Top Nifty Alpha 50 Index Funds
| Name | NAV | AUM (in Cr.) | 1M Returns | 3M Returns | 1Y Returns | 3Y Returns | 5Y Returns | Exp Ratio | Min Monthly SIP | Min Lumpsum |
|---|---|---|---|---|---|---|---|---|---|---|
| Bandhan Nifty Alpha 50 Index Fund Direct Growth | 13.36 | 573.89 | -2.80% | 5.01% | -4.85% | 0.00% | 0.00% | 0.30% | 100.00 | 1000.00 |
| Kotak Nifty Alpha 50 Index Fund Direct Growth | 9.86 | 33.34 | -2.83% | 5.12% | 0.00% | 0.00% | 0.00% | 0.35% | 100.00 | 100.00 |
Disclaimer: Please note that the above list is for educational purposes only, and is not recommendatory. Please do your own research or consult your financial advisor before investing. The data is derived from the Tickertape Mutual Fund Screener and is subject to real-time updates.

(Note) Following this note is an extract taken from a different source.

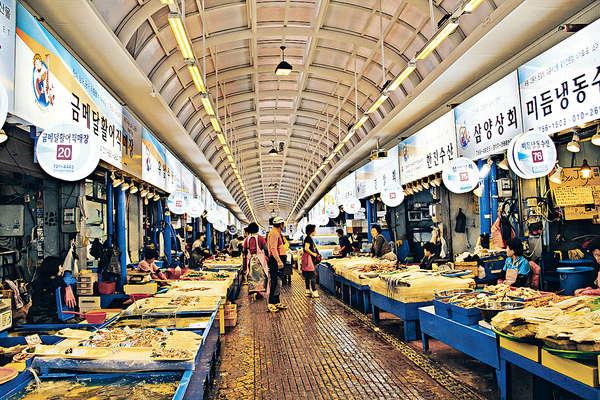 濟州市的東門水產市場,不算大,傍晚到來,燈光通明,檔販們忙得不可開交,人來人往,好不熱鬧。東門水產市場的人確是比釜山札嘎其市場的魚販友善,至少我們舉機拍攝也沒有怒目而視、惡言相向。細看攤檔上的海鮮,帶魚、比目魚、鯛魚、石斑,還有來到必吃的鮑魚跟八爪魚……獨欠蟹跟生蠔,部分還在缸內游動,超新鮮。

Note: The data in the table is indicative and reflects available data as of early 2026. The Kotak Nifty Alpha 50 Index Fund was launched in August 2025 and has less than one year of return history. Please verify NAV and AUM from Tickertape or the respective AMC before investing.
Pro Tip: You can use the Tickertape Mutual Fund Screener to compare Nifty Alpha 50 index fund schemes alongside peer funds across 50+ parameters.
What is the Nifty Alpha 50 Index?
The Nifty Alpha 50 is a strategy index maintained by NSE Indices Ltd. The index is designed to track the performance of 50 Indian companies that have exhibited the highest one-year alpha relative to the Nifty 50 within a defined, liquidity-filtered universe. The index is rebalanced semi-annually, typically in March and September, to reflect updated alpha rankings. Stocks that no longer rank among the top 50 by alpha are replaced, and weights are adjusted based on the latest alpha scores.
How the Nifty Alpha 50 Index Selects Stocks
The index uses a multi-step selection methodology:
- Universe: The eligible universe consists of stocks from the top 300 NSE-listed companies ranked by average free-float market capitalisation and average daily turnover over the past six months, drawn from the broader Nifty 500 universe.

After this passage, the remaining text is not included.